Example: Groundwater-Smith, S. (2007). As rain is to fields, so good teachers are to students. In S. Knipe (Ed.), Middle years schooling:  Reframing adolescence (pp. 151-170). Frenchs Forest, N.S.W: Pearson Education Australia.

Magazine

Structure: Last, F. M. (Year, Month Date Published). Article title. Magazine Title, Page(s).

Example: Allen, L. (2004, August). Will Tuvalu disappear beneath the sea? Global warming threatens to swamp a small island nation. Smithsonian, 35(5), 44-52.

Newspaper

Structure: Last, F. M. (Year, Month Date Published). Article title. Newspaper Title, Pages(s).

Example: Landler, M. (2007, June 2). Bush’s Greenhouse Gas Plan Throws Europe Off Guard. New York Times, p. A7

Journal

Structure: Last, F. M., & Last, F. M. (Year Published). Article title. Journal Title, Volume(Issue), Page(s). doi:number

Example: Bogdonoff, S., & Rubin, J. (2007). The regional greenhouse gas initiative: Taking action in Maine. Environment, 49(2), 9-16

Website

Structure: Last, F. M. (Year, Month Date Published). Article title. Website Title. Retrieved Month Date, Year, from URL

Example: United States Environmental Protection Agency. (2007, May 4). Climate Change. Retrieved From the Environmental Protection Agency website: http://www.epa.gov/climatechange

Note: Include the exact URL when not properly indexed or easy to find. Otherwise, include the homepage URL. Include the date retrieved if information is liable to change over time.

Online Database

Structure: Last, F. M. (Year Published). Article title. Journal Name, Volume (Issue), Page(s). Retrieved Month Date, Year, from URL.
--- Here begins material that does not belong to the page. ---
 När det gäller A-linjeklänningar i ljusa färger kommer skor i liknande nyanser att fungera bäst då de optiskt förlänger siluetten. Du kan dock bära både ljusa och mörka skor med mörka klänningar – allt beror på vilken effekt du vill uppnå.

Example: Waring, G. & Levy, D. (2009). Challenging adverse reactions in children with food allergies. Paediatric Nursing, 22, 16-22.Retrieved from http://paediatricnursing.rcnpublishing.co.uk/

Note: Include retrieval date if source information may change over time. For URL, Use homepage URL of publisher. If none, use the homepage database URL. If published only online, use unique URL. APA6 explains database names are not necessary, so you may omit this.

MLA 8 Citation Guide

The MLA citation guide was put together by the Modern Language Association to make it easy to cite almost any kind of source. Doing this meant that it was now easier to cite all kinds of 'unusual' sources, such as TV shows or music transcripts. The MLA guide is one of the newest citation styles around, having only been devised in 1985. Despite that though, it has been revised many times, and the newest version is the MLA 8. This version was revised in 2016.

MLA Basics: Quick Guide

Book

Structure: Last, First M. Book. City: Publisher, Year Published. Medium.
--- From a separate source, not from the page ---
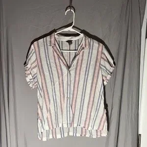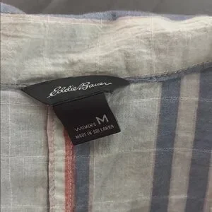 Eddie Bauer Pink and Blue Puff Sleeve Button Down Shirt

Example: Garcia Marquez, Gabriel. Love in the Time of Cholera. Vintage, 1988.     

Chapter/Anthology

Structure: Last, First M. “Section Title.” Book/Anthology, Ed. First M. Last. Edition. City: Publisher, Year Published. Page(s). Medium.

Example: Kimball, Jean. "Growing Up Together: Joyce and Psychoanalysis, 1900-1922." Joyce through the Ages: A Nonlinear View, edited by Michael Patrick Gillespie, UP of Florida, 1999, pp. 25-45.

Note: Essays, shorts stories, and poems are put in quotes. Works originally published independently such as plays and novels generally are italicized.

Magazine

Structure: Last, First M. “Article Title.” Magazine Title Date Month Year Published: Page(s). Medium.

Example: Wolinsky, Howard. “The Blue-Eyed Anomaly.” Ancestry, vol. 27, no. 1, Jan.-Feb. 2009, pp. 58-69.

Newspaper

Structure: Last, First M. “Article Title.” Newspaper Title [City] Date Month Year Published: Page(s). Medium.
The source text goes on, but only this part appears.